Colin
Colin

Reputation: 735

Latitude / Longitude Distance Calculation

A quick question about a Lat / Long calculation.

I want to take a value set e.g. Lat: 55.123456 Long -6.123456 and work out the four points that are an arbitrary distance away.

enter image description here

As the given square, I want to work out the value for Latitude on the left and right side. Thus the red lines are 1.5km from the start point. Likewise for the longitude, the blue lines will be 1.5km from the start point. The output will be 4 points, all distances in kilometres.

In short: Latitude + Y = Latitude Value X kilometers away

Working with iPhone at the moment and its for a very rough database calculation.

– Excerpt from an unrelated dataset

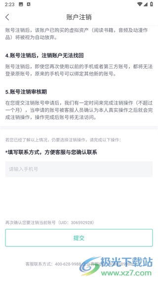 进入账户注销页面后,在页面下方的输入框填写你的手机号码,接着点击提交按钮就可以了。

EDIT: Just to clarify, the distance is so short that curvature (And hence accuracy) is not an issue.

Upvotes: 5

Views: 2719

Answers (3)

Colin
Colin

Reputation: 735

In OBJ-C this should be a decent solution:

float r_earth = 6378 * 1000; //Work in meters for everything
float dy = 3000; //A point 3km away
float dx = 3000; //A point 3km away
float new_latitude  = latitude  + (dy / r_earth) * (180 / M_PI);
float new_longitude = longitude + (dx / r_earth) * (180 / M_PI) / cos(latitude * 180/M_PI);

Upvotes: 6

AlexWien
AlexWien

Reputation: 28767

// parameter: offset in meters
float offsetM = 1500; // 1.5km

// degrees / earth circumfence
float degreesPerMeter = 360.0 / 40 000 000;
float toRad = 180 / M_PI;

float latOffsetMeters = offsetM * degreesPerMeter;
float lonOffsetMeters = offsetM * degreesPerMeter * cos (centerLatitude * toRad);

Now simply add +/- latOffsetMeters and +/- lonOffsetMeters to your centerLatitude/ centerLongitude.

Formula is usefull up to hundred kilometers.

Upvotes: 1

begemotv2718
begemotv2718

Reputation: 868

Well, for rough calculation with relatively small distances (less than 100km) you may assume that there is 40_000_000/360=111 111 meters per degree of latitude and 111 111*cos(latitude) meters per degree of longitude. This is because a meter was defined as 1/40_000_000 part of the Paris meridian;).

Otherwise you should use great circle distances, as noted in the comments. For high precision you also need to take into account that Earth is slightly oblate spheroid rather than a sphere.